The human genome contains approximately 25 000 blueprints for all parts of the body. Most of the blueprints contain instructions for producing a protein.

Proteins are the most important building materials of the body. They execute all tasks necessary for life maintenance and the functioning of our body. Several examples: muscles and hair consist of protein materials. Other proteins form miniature tools, called enzymes, in a body cell.

Now scientists want to find out for each protein which function it has in the body and with which other protein materials it must interact to fulfill its task. It takes a complex interaction of proteins for certain traits to appear or processes to occur in the body. For example, there is not only one protein for eye color, but many that help to produce the pigment.

Furthermore, the researchers want to determine where the individual proteins are to be found in the body. To do that, they have to know which blueprints are just now being "read off" in the selected body region. "Reading off" means that the individual building instructions are being copied from the long strand of the DNA. This occurs by means of a copying tool that moves along the corresponding segment of the DNA strand and generates an exact copy of the gene letter sequence. This copy is then utilized at the protein factories as the blueprint for producing a protein.

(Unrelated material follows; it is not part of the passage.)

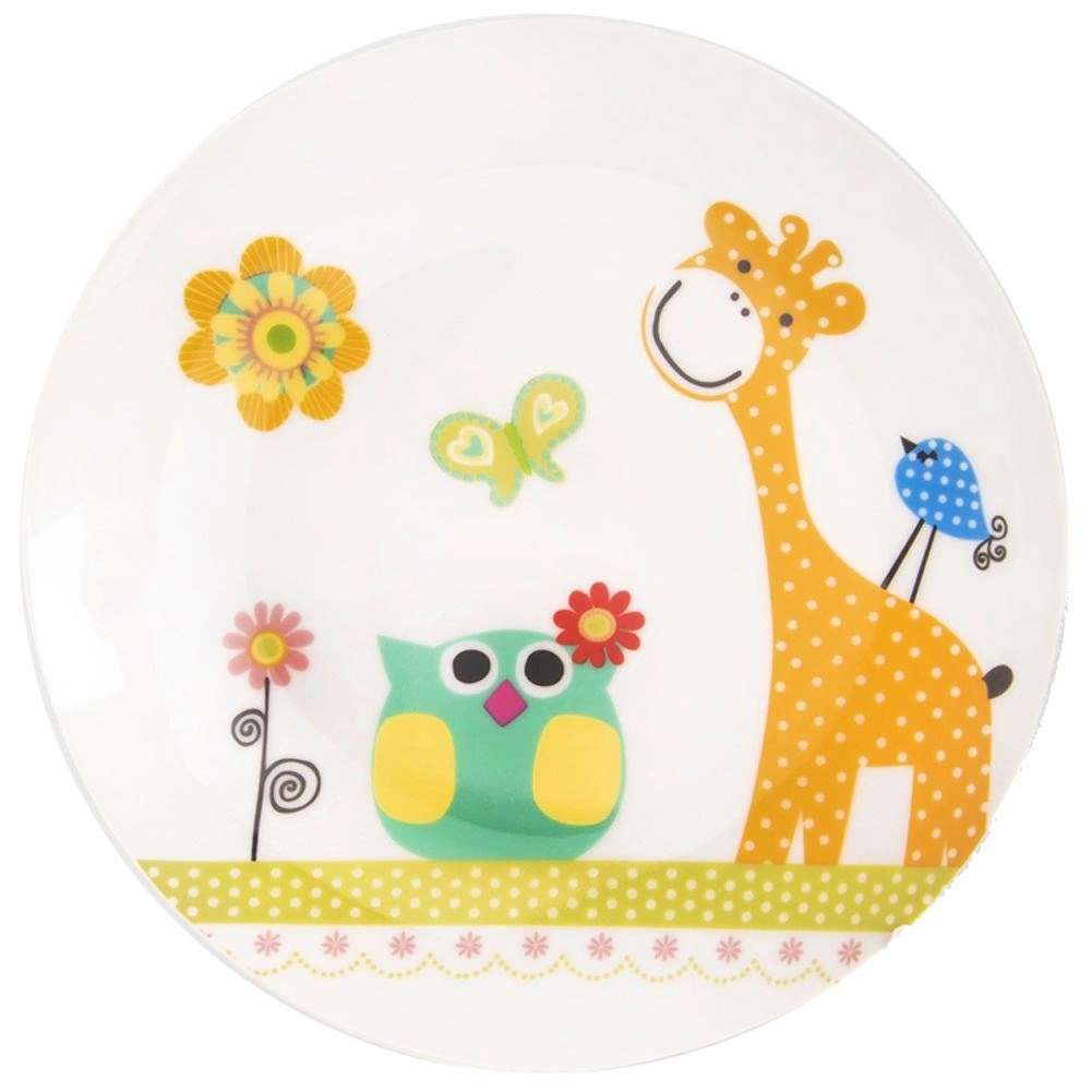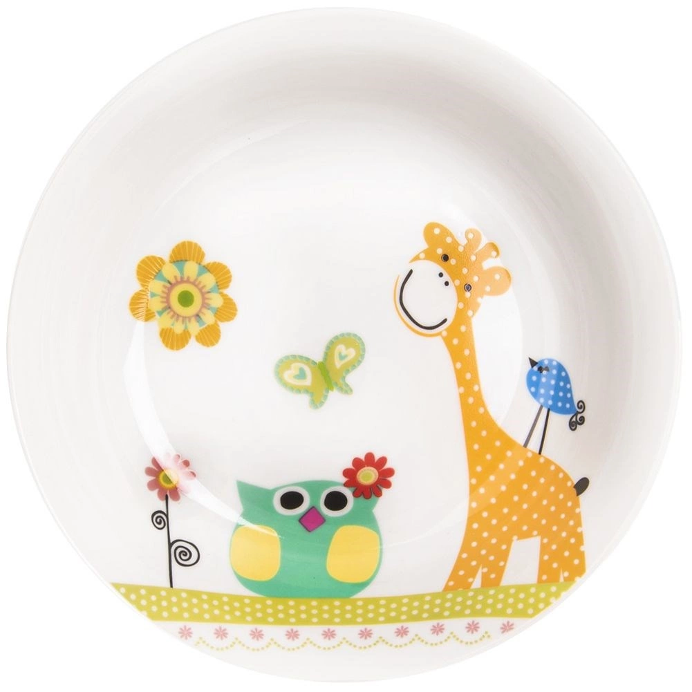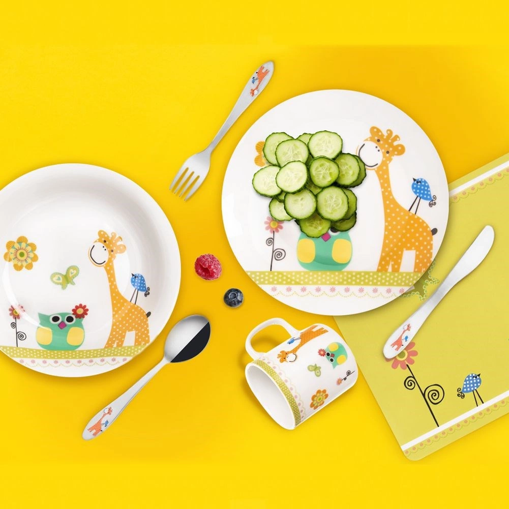 Schenken Sie Ihrem Kind Freude am Essen mit einem hochwertigen Porzellan-Set mit fröhlichen Motiven von Giraffe, Eule und weiteren Tieren. Zeitlos weißes Porzellan mit buntem Dekor unterstützt selbstständiges Essen und verschönert Frühstück, Suppen und Snacks.
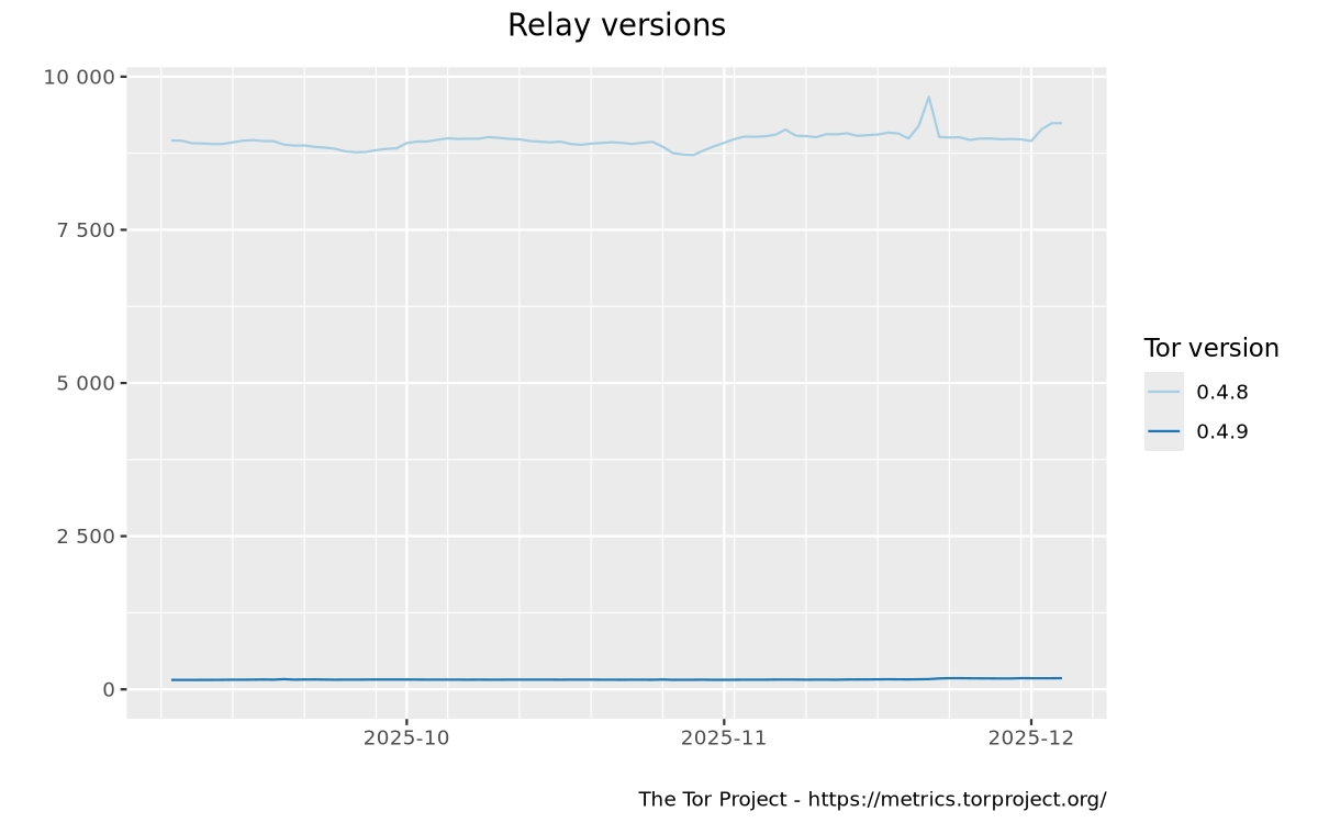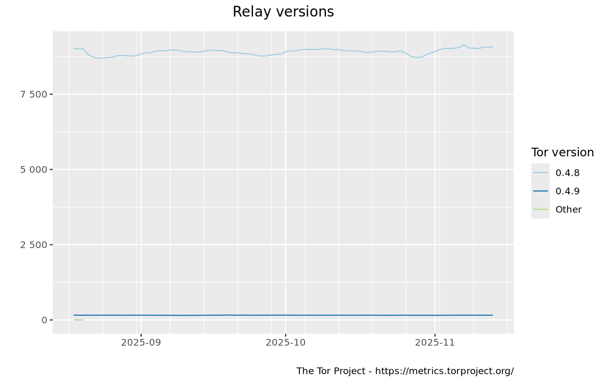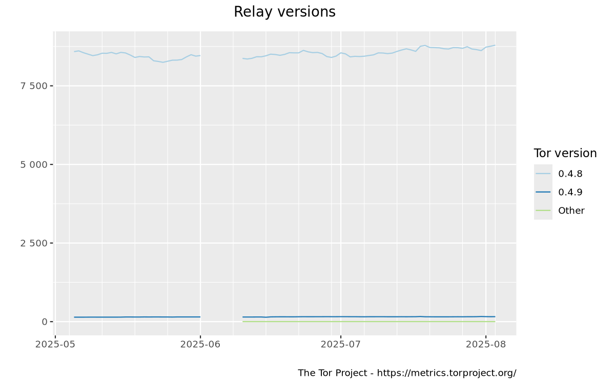 This graph shows the number of running relays by tor software version. Relays report their tor software version when they announce themselves in the network. New major versions are added to the graph as soon as they are first recommended by the directory authorities. More details on when these versions were declared stable or unstable can be found on the download page and in the changes file.

Every cell of the body, no matter in which tissue it is situated nor which function it has, contains the complete genetic information, i.e. all 25,000 blueprints. And every cell of the body has its own program determining exactly at which time a certain protein should be produced. The blueprint presently being read is called an "active gene" in technical lingo.

With the aid of gene chips genome researchers can now investigate many hundreds of genes (protein blueprints) at the same time and can determine which genes are presently activated in a certain tissue. Other sophisticated techniques make it possible to figure out the function of the proteins.   

Thus, bit by bit a "wiring diagram" for the processes in our body is emerging. With the aid of this wiring diagram, genome researchers are able to understand how diseases develop because they are able to compare the wiring diagram of a healthy person with that of a sick patient and find out which components of the patient’s wiring diagram contain errors.